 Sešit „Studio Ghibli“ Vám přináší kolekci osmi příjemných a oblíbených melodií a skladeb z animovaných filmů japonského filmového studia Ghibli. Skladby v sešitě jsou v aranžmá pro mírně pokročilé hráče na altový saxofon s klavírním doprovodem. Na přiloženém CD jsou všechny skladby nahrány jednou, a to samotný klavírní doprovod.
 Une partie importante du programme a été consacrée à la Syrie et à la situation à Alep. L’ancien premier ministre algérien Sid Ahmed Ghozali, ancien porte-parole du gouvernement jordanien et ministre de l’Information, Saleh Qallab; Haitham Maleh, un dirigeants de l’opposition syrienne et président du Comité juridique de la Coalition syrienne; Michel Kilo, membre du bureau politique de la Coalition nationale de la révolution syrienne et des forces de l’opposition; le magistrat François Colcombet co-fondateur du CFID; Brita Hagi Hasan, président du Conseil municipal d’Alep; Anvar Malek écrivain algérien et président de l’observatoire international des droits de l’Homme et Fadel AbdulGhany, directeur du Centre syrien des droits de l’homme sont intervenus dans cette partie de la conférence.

○ ○ ○ ○

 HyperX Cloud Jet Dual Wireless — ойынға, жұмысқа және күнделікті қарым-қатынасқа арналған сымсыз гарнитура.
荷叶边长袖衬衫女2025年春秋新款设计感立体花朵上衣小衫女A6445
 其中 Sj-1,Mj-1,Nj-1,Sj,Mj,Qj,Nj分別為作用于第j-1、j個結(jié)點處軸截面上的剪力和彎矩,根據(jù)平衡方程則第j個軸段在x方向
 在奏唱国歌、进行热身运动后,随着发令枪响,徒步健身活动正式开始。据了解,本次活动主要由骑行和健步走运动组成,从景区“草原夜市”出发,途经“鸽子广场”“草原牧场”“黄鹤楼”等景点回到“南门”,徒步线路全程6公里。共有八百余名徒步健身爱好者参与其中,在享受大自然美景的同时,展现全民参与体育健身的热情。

○ ○ ○ ○

- [Exercise goal]
Go through the listing above and write out exactly the lines starting with the one holding "其中 Sj-1,Mj-1,N" and running through the one holding "在奏唱国歌、进行热身运动后,随着发令枪响", ends included, and no others.

- [Solution for this problem]
 其中 Sj-1,Mj-1,Nj-1,Sj,Mj,Qj,Nj分別為作用于第j-1、j個結(jié)點處軸截面上的剪力和彎矩,根據(jù)平衡方程則第j個軸段在x方向
 在奏唱国歌、进行热身运动后,随着发令枪响,徒步健身活动正式开始。据了解,本次活动主要由骑行和健步走运动组成,从景区“草原夜市”出发,途经“鸽子广场”“草原牧场”“黄鹤楼”等景点回到“南门”,徒步线路全程6公里。共有八百余名徒步健身爱好者参与其中,在享受大自然美景的同时,展现全民参与体育健身的热情。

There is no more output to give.